First of the two figures of speech I would not recommend during a moot is irony. Irony would almost always be perceived as rude and disrespectful either towards the tribunal or the other party. If you are lucky, the panel simply will not get it – but then, they will miss your point entirely and thin you simply must have mispronounced yourself. In conclusion, forget irony – it might be great in social interactions, but not those taking place inside a moot courtroom.

  1. Rhetorical questions

Another one of the forbidden figures it the rhetorical question. The reason is simple – it is the tribunal who asks questions to counsel during a pleading, not the other way round. Maybe when you engage in a very dynamic conversation with a particularly hot bench you can resort to formal question tags in order to stress your crucial points. However, never direct a question at the tribunal and wait for it to be answered.

As you can see, spicing up your pleading is like walking through a minefield: you need to take very cautious steps or otherwise you risk making serious damage to your own position. However, if you succeed, your pleading will definitely win the judges’ hearts!

All the best,

Marek

Moot Court Advocacy Series – Season IV: ‘Advanced Oral Advocacy’, Episode II: ‘The Art of Rebutting (and Surrebutting)’

Hello everyone!

Today we will discuss an essential part of every moot court pleading – rebuttals and surrebuttals.

In simple terms, a rebuttal is a direct answer to the other party’s oral argument. It usually occurs after both parties conclude their pleadings. The party which started the argument has the right for rebuttal. The responding party has the right for surrebuttal, which is an answer to the rebuttal.

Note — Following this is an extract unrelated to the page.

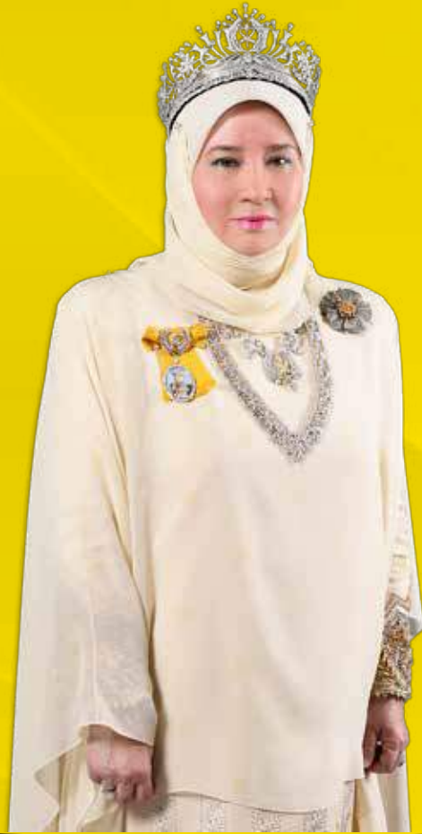
Kebawah Duli Yang Maha Mulia Seri Paduka Baginda Raja Permaisuri Agong Tunku Hajah Azidah Aminah Maimunah Iskandariah Binti Almarhum Al-Mutawakkil Alallah Sultan Iskandar Al-Haj

D.K., S.S.A.P., S.I.M.P., D.K.(Johor), S.P.M.J.

Rebuttals and surrebuttals are important for several reasons. Firstly, they are your last opportunity to make a lasting, positive impression on the tribunal and convince it of the strength of your arguments. Secondly, they are your last opportunity to undermine the other party’s position, cast doubt on its credibility or logic. Effective rebutting and surrebutting is by no means easy: it requires careful selection of arguments and wording, clarity and wit. A brilliant rebuttal can win the hearts of judges and arbitrators. A terrible one – cost you a lost pleading.

How to make sure that you rebut and surrebut in a way that every tribunal will like?

  1. Reserve time at the beginning of the pleading

In order for a rebuttal or a surrebuttal to actually happen, you have to reserve time for it in the first place. At the very beginning of the argument (usually when the panel asks the parties to introduce themselves and give their time allocation) you should mention that the parties reserved time for rebuttals and surrebuttals. You and the other team do not necessarily have to reserve the same amount of time.

Bear in mind that arbitrators at times forget about the fact that the parties reserved time for rebuttals and surrebuttals. If it happens, do not be afraid to remind them that you agreed on it in your time allocation.

Rebuttals and surrebuttals are an essential part of every pleading which is often required under the rules of competitions. However, even if they are not obligatory, I would not skip them: judges and arbitrators enjoy them and might be surprised if the parties agree to skip them.

  1. Make it short

An effective rebuttal (and surrebuttal) is always short. You should not reserve more than one minute for it, and ideally it should take you around thirty or forty seconds.

Reserving two or more minutes for a rebuttal does not make sense. It dilutes the message you want to convey or prompts you to address too many points. Unlike the core submission, rebuttals and surrebuttals must not be extended even if you need more time – you simply have to make it within the time you initially reserved.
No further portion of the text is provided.